Bilbao Analysis and PDE
Welcome to the website of researchers working in Bilbao (either at UPV/EHU or at BCAM) in mathematical analysis, partial differential equations, inverse problems, mathematical physics, and/or related topics.
BBT Seminar
Online, Tuesday, May 7th, 2024, 11:00 - 12:00
Title: Minimality of the vortex solution for Ginzburg-Landau systems
Abstract
We consider the standard Ginzburg-Landau system for N-dimensional maps defined in the unit ball for some parameter eps>0. For a boundary data corresponding to a vortex of topological degree one, the aim is to prove the (radial) symmetry of the ground state of the system. We show this conjecture in any dimension N≥7 and for every eps>0, and then, we also prove it in dimension N=4,5,6 provided that the admissible maps are curl-free. This is part of joint works with L. Nguyen, M. Rus, V. Slastikov and A. Zarnescu.
Seminar
UPV/EHU, Thursday, May 9th, 2024, 12:00 - 13:00
Title: Catalan operators in Operator Theory
Abstract
Let $c=(C_n)_{n\ge 0}$ be the Catalan sequence and $T$ a linear and bounded operator on a Banach space $X$ such $4T$ is a power-bounded operator. The Catalan generating function is defined by the following Taylor series,
C(T) := \sum_{n=0}^\infty C_nT^n.
Note that the operator $C(T)$ is a solution of the quadratic equation $TY^2-Y+I=0.$ In this talk we study this algebraic equation in the case that $T$ is the infinitesimal generator of a C_0-semigroup.
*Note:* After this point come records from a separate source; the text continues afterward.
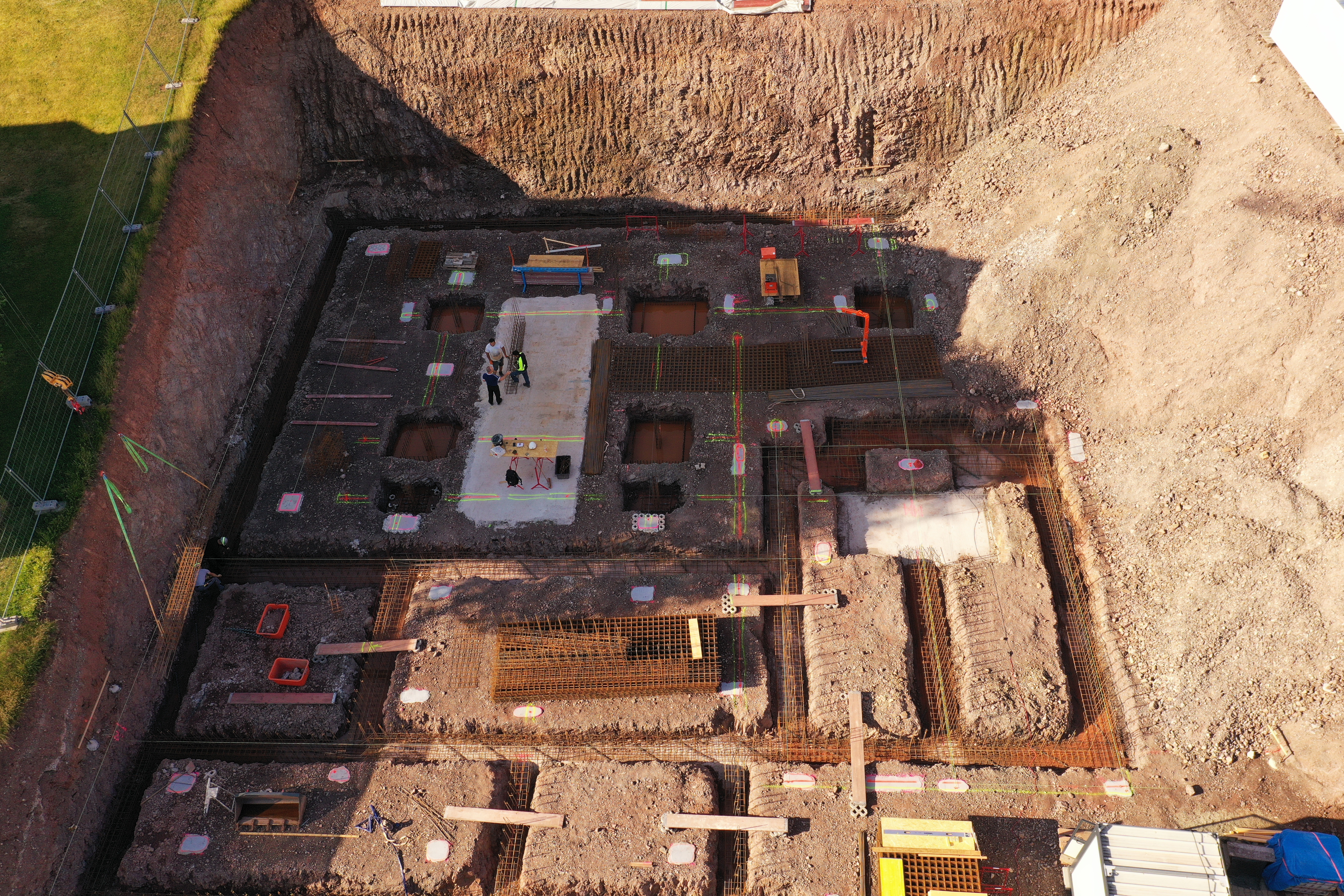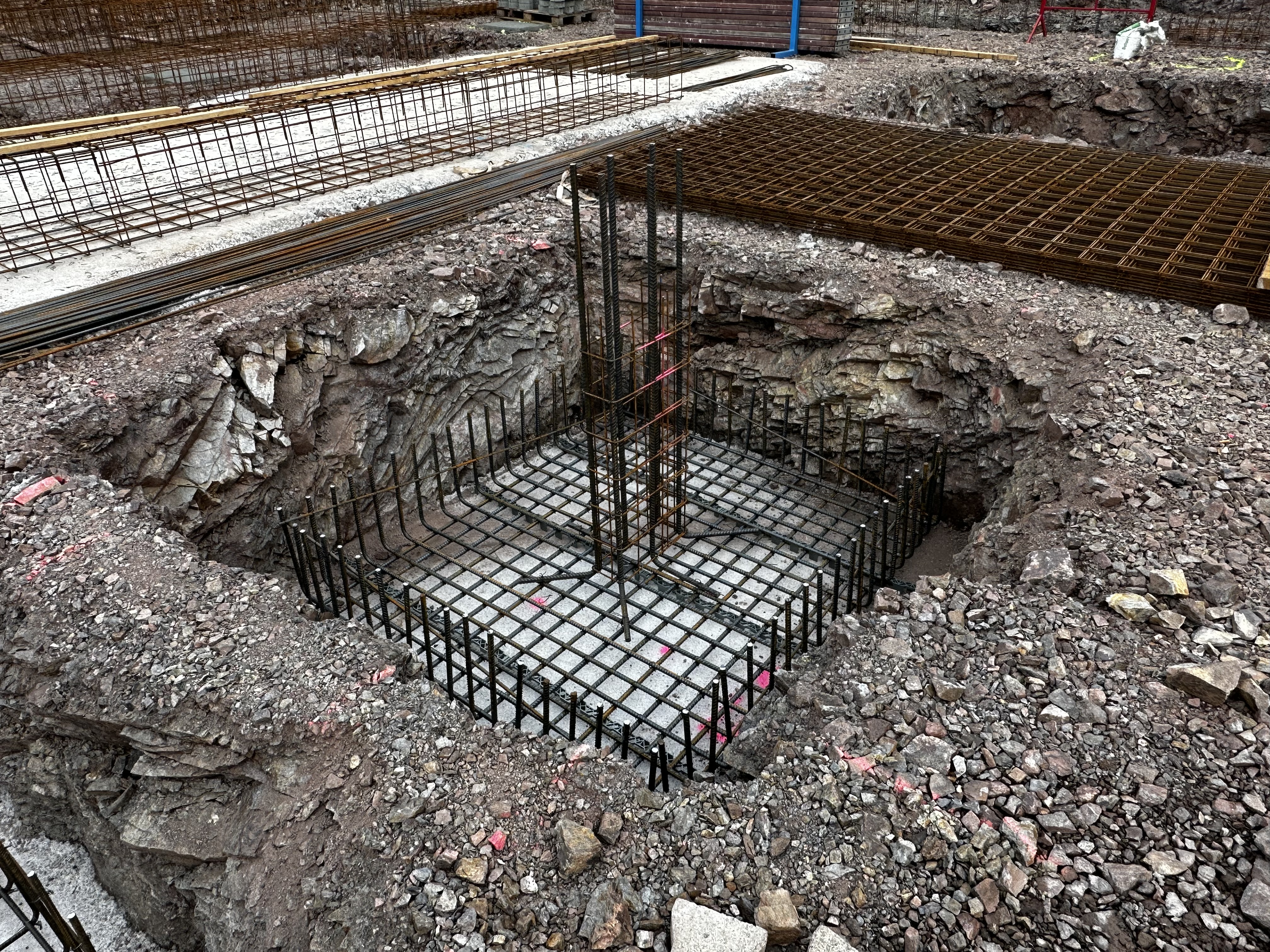 Beton- und Stahlbetonbau Benötigt wird Beton und Stahlbeton bei Bodenplatten, Weißer Wanne, Fundamenten, Decken, Stützwänden oder Pfeilern.
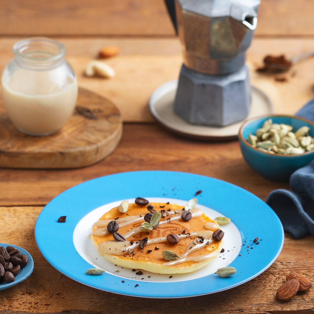 PANCAKE CON CARDAMOMO, CREMA DI MANDORLE E CHICCHI DI CAFFÈ
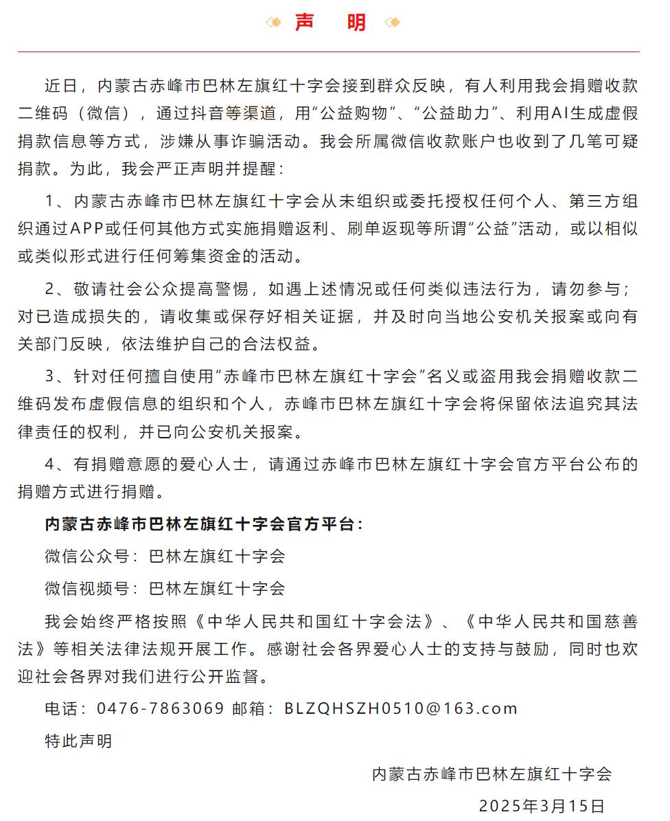 谨防诈骗!内蒙古赤峰市巴林左旗红十字会严正声明!
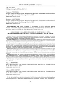 Стаття присвячена дослідженню аматорських вокальних ансамблів як ключової, популярної та життєздатної форми музикування, що забезпечує збереження, трансформацію та активну популяризацію народнопісенної спадщини в сучасному українському культурному просторі. Мета дослідження полягає у комплексному дослідженні феномену аматорських вокальних ансамблів як популярної та життєздатної форми музикування, що забезпечує збереження, трансформацію та активну популяризацію народнопісенної спадщини в сучасному українському культурному просторі. У процесі роботи були використані методи теоретичного аналізу та синтезу для систематизації наукових публікацій та визначення основних тенденцій розвитку ансамблевого руху; культурологічний та історикотипологічний методи – для обґрунтування соціальної та ідентифікаційної ролі колективів; а також метод системного аналізу – для виявлення взаємозв’язків між факторами популярності (національно-культурне відродження, мобільність, осучаснення) та викликами (кадровий дефіцит, фінансові обмеження). Наукова новизна отриманих результатів полягає у визначенні аматорського вокального ансамблю як «живого архіваріуса» мікртрадицій та ключового соціально-культурного феномену, що активно використовує цифрову трансформацію та гібридизацію жанрів для забезпечення неперервної еволюції народної пісні, а також у систематизації чинників, що забезпечують його високу соціальну функцію та популярність в умовах національних викликів. Висновки засвідчують, що аматорські вокальні ансамблі виконують подвійну функцію: зберігають автентичне надбання фольклору і, водночас, адаптують його до потреб сучасної культури, залишаючись незамінним елементом сучасного народнопісенного виконавства. Подальші дослідження доцільно сфокусувати на з’ясуванні ролі аматорських колективів у підтримці морального духу та культурній терапії в умовах військових конфліктів.
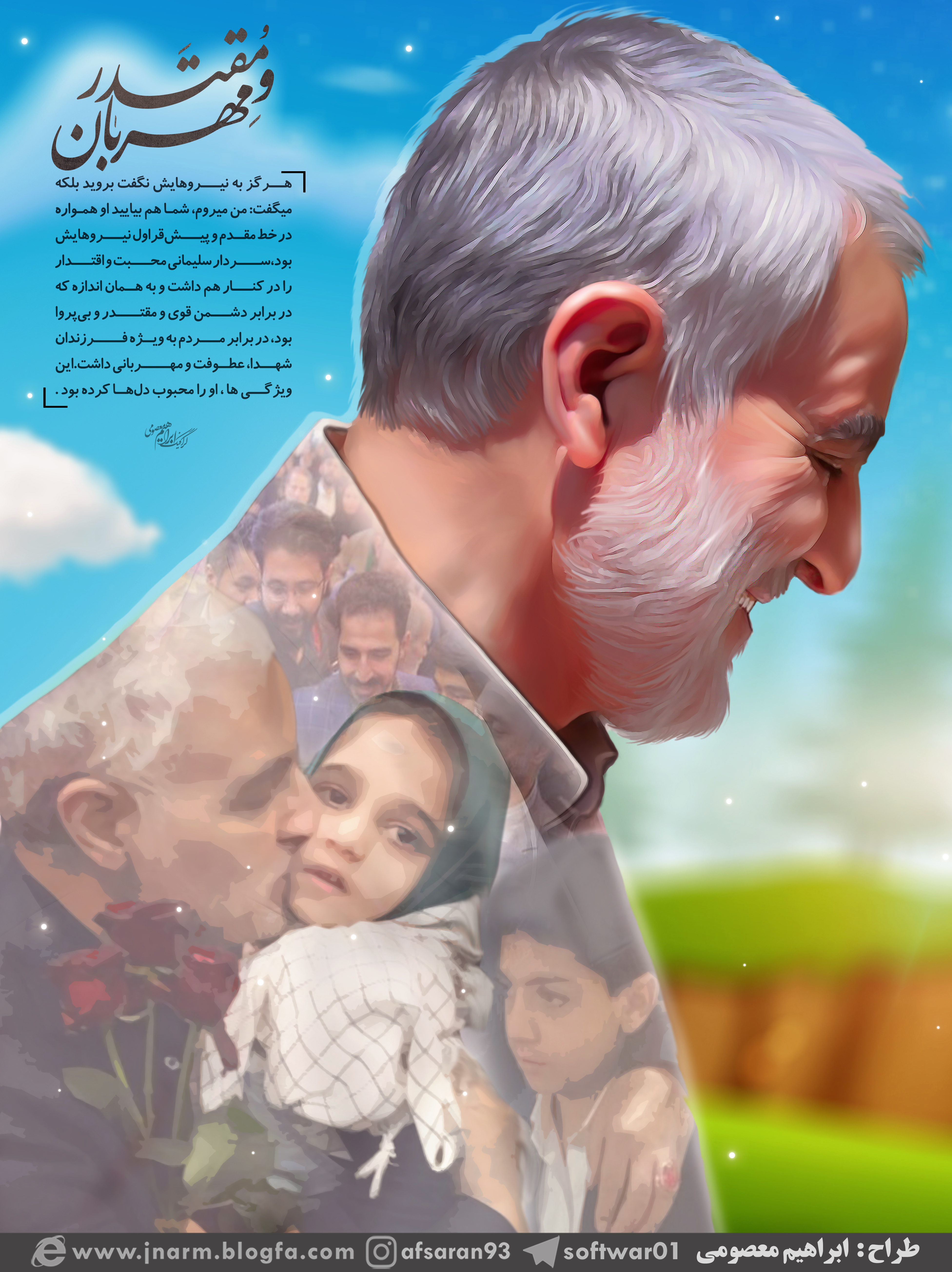 سردار حاج قاسم سلیمانی سردار نه یک ملت، بلکه سردار آحاد سرزمین های اسلامی بود که یک تنه جلوی استکبار جهانی ایستاد تا امنیت امروز ما مرهون تلاش های بی وقفه آن عزیز خفته در خاک باشد.
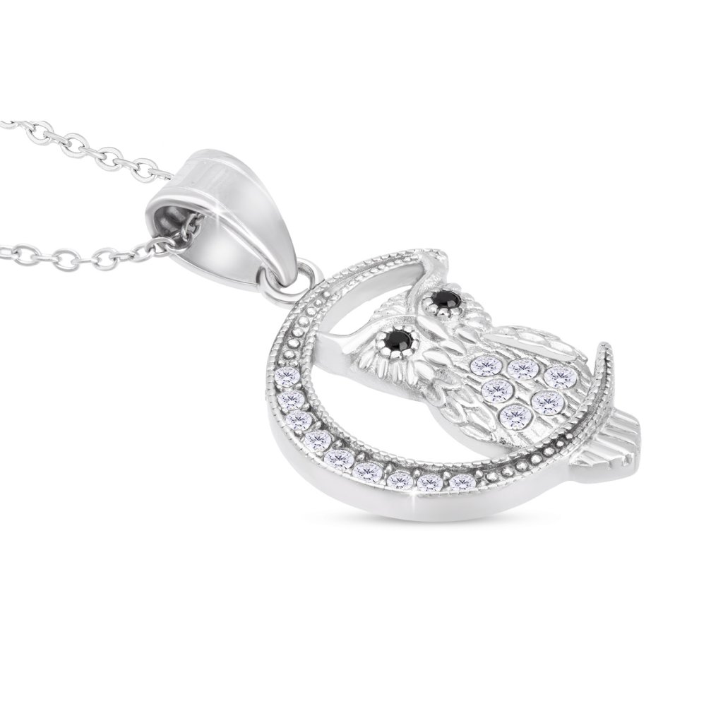 - Decentná a jemná retiazka z chirurgickej ocele s príveskom, sovička na mesiaci so zirkónmi.
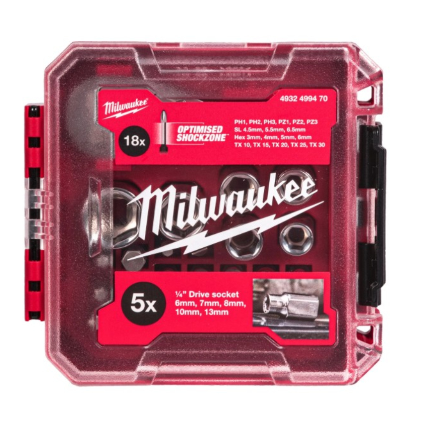 Milwaukee ¼ Drive Compact Ratchet set in Packout Compatible Box 25 Pieces
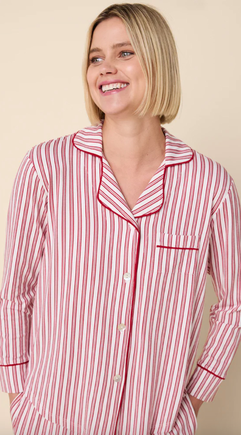 The Cat's Pajamas Women's Holiday Stripe Pima Knit Cotton Classic Pajama Set
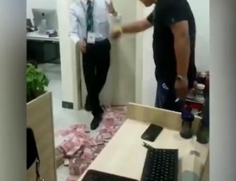一家中介门店内,白衬衣中介与黑T恤壮汉激烈争吵:“我今天就是要买!”“限购了!限购了!我有什么办法呢?”两人脚边,是一地现金。
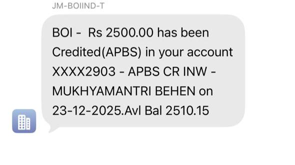 भुगतान*======================क्रिसमस के पावन अवसर पर राज्य सरकार द्वारा झारखंड की महिलाओं को विशेष उपहार स्वरूप मुख्यमंत्री मंईयां सम्मान योजना अंतर्गत *नवंबर माह* की सम्मान राशि का भुगतान किया जा रहा है। इस योजना के तहत रांची जिले की कुल *03 लाख 93 हजार 84 महिलाओं के बैंक खातों में आधार बेस्ड डायरेक्ट बेनिफिट ट्रांसफर (DBT) के माध्यम से 2500 रुपये प्रति लाभुक की दर से कुल 98 करोड़ 27 लाख 10 हजार* रुपये की राशि का भुगतान कर दिया गया है।*विभिन्न प्रखंड एवं शहरी क्षेत्रों में भुगतान की स्थिति (नवंबर माह)**अनगड़ा – 16,935 लाभुक**अरगोड़ा (शहरी क्षेत्र) – 13,207 लाभुक**बड़गाईं (शहरी क्षेत्र) – 9702 लाभुक**बेड़ो – 20,761 लाभुक**बुण्डू – 8,552 लाभुक**बुण्डू (नगर पंचायत) – 3,574 लाभुक**बुढ़मू – 18,152 लाभुक**चान्हो – 19,851 लाभुक**हेहल (शहरी क्षेत्र) – 15,537 लाभुक**ईटकी – 10,466 लाभुक**कांके – 31,781 लाभुक**कांके (शहरी क्षेत्र) – 1,336 लाभुक**खलारी – 9,699 लाभुक**लापुंग – 11,473 लाभुक**माण्डर – 23,308 लाभुक**नगड़ी – 18,084 लाभुक**नगड़ी (शहरी क्षेत्र) – 8,184 लाभुक**नामकुम – 18,053 लाभुक**नामकुम (शहरी क्षेत्र) – 9,151 लाभुक**ओरमांझी – 18,342 लाभुक**राहे – 9,691 लाभुक**रातू – 18,790 लाभुक**सिल्ली – 21,390 लाभुक**सोनाहातू – 13,269 लाभुक**तमाड़ – 18,758 लाभुक**सदर (शहरी क्षेत्र) – 25,038 लाभुक*उपायुक्त–सह–जिला दंडाधिकारी, रांची श्री मंजूनाथ भजंत्री ने कहा कि क्रिसमस का पर्व प्रेम, सेवा और खुशियाँ बांटने का संदेश देता है। इस शुभ अवसर पर मुख्यमंत्री मंईयां सम्मान योजना के अंतर्गत महिलाओं को सम्मान राशि का भुगतान राज्य सरकार की ओर से एक स्नेहपूर्ण उपहार है।
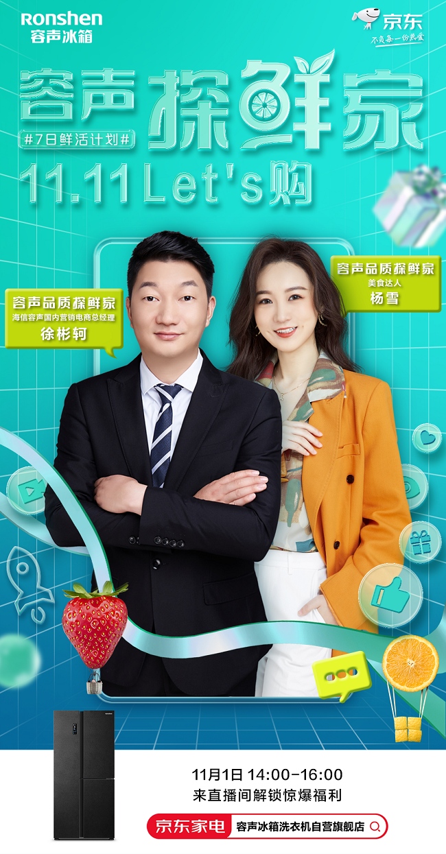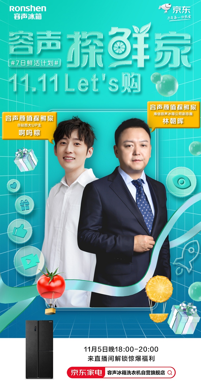 为贯彻品牌年轻化,容声本次在一年一度的双十一进行了一波扩张线上市场的强势动作。不仅在京东强势发布容声WILL时尚版冰箱,卷起种草风潮。更是打造了“容声探鲜家 11.11 Let’s购”主题活动,并借势微博、抖音等主流社交媒体,进一步引爆声量巨浪,多平台联动打造出容声专属双十一线上矩阵。 容声总裁徐彬轲及副总裁林朝晖先生更是先后亲临京东直播间,搭档B站百大up主啊吗粽,为容声冰箱助力站台宣传。“总裁价到”爆梗出圈,高层的亲民形象也令粉丝对品牌的好感度直线上升。

We express $C(T)$ by means of an integral representations which involves the resolvent operator $(\lambda-T)^{-1}$ or the C_0-semigroup. In the case that $T$ is a bounded operator, we define powers of the Catalan generating function $C(T)$ in terms of the Catalan triangle numbers. Finally, we give some particular examples to illustrate our results and some ideas to continue this research in the future. This is a research proyect with Alejandro Mahillo (Universidad de Zaragoza) and Natalia Romero (Universidad de La Rioja).